= Roberto Vargas (poet) =

Nicaraguan poet and political activist

Roberto Vargas (born February 24, 1941) is a Nicaraguan poet and political activist. He was born in Managua, Nicaragua and raised in the Mission District, San Francisco, where he became a prominent political activist. From 1974 through 1979, he taught Creative Writing at San Francisco State University.

He is best known for his work in the San Francisco Mission district during the Nicaraguan Revolution and bilingual poetry.

==Early life==
He graduated from Mission High School in 1958. "I graduated from Mission High School in 1958 and used to hang out in North Beach, going around to see all the poets," he says.
Vargas attempted to have a career in boxing, but that ended quickly because of a detached retina that helped him during the major drafts of young men to fight in Vietnam.

==Political Activity and work in The Mission==
Vargas was an organizer at San Francisco State University during the widespread student strikes in 1968–1969. He was one of the community activists who organized alongside students to demand that the university establish an Ethnic Studies Department. He did this as part of larger efforts to make public institutions more accountable and accessible to San Francisco's communities of color and low-income people. This effort by a diverse coalition of students, activists and faculty resulted in the nation's first School of Ethnic Studies, at San Francisco State University. Having been an active organizer in the arts and poetry scene of San Francisco—including making connections between the "Beat" poets of North Beach and the burgeoning Latin American arts scene in San Francisco's Mission District—Vargas became a creative writing lecturer for the La Raza Studies program of the new Ethnic Studies Department.

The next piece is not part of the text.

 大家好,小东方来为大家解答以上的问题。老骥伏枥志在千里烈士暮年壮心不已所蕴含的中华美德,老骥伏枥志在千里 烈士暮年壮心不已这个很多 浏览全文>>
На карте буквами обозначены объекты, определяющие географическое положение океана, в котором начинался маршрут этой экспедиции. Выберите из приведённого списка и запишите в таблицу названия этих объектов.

Roberto Vargas was among many Nicaraguans who mobilized in San Francisco to form the Comité Cívico Nicaraguense (Nicaraguan Civic Committee) following the 6.2 magnitude 1972 Nicaragua earthquake. The committee set up donation centers in the San Francisco Mission to benefit those affected in the earthquake, however the ruling Nicaraguan party headed by Anastasio Somoza Debayle was criticized for not distributing the aid received.

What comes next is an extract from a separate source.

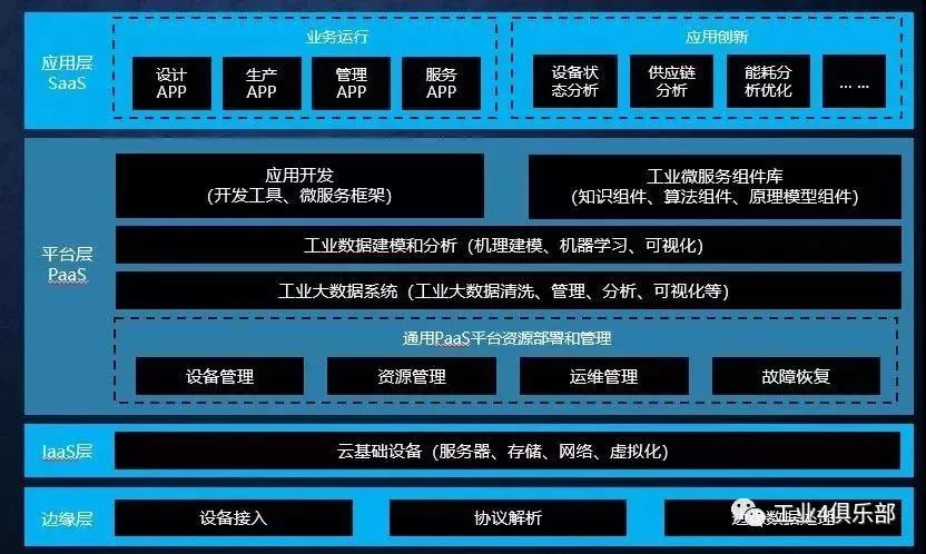 第四,工业互联网平台是面向制造业数字化、网络化、智能化需求,构建基于海量数据采集、汇聚、分析和服务体系。数据+模型=平台,边缘数据是基础,工业IaaS是支撑,工业PaaS是核心,工业APP是关键。

Vargas and other poets, Alejandro Murguia, joined force with the Pocho-Che Collective and published local poets within the Latino Community. Many of these poems were related to the famous communist icon, Che Guevara. For these future famous poets, Che was an important connection to the Third World countries and the barrios in the United States.

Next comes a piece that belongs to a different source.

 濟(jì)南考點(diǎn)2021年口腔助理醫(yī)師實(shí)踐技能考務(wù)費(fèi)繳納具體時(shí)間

Among the tools used by the Nicaraguan Civic Committee to help liberate Nicaragua from Somoza were the recruitment of local and international Latino artists to add an extra artistic element to the political movement. This helped inform the community of the realities of Central American poverty and oppression.

Notable artists who collaborated with the committee were Nicaraguan poet Ernesto Cardenal and artist Juan Flores.

Vargas decided that the political action taking place in San Francisco was not enough, so he and other Nicaraguans joined the armed struggle in Nicaragua. To prepare, Vargas trained in martial arts and learned to fly small planes through their hourly rental at an aviation facility in San Francisco. Once in Nicaragua, Vargas fought for a year, during which time he would frequently visit family in San Francisco.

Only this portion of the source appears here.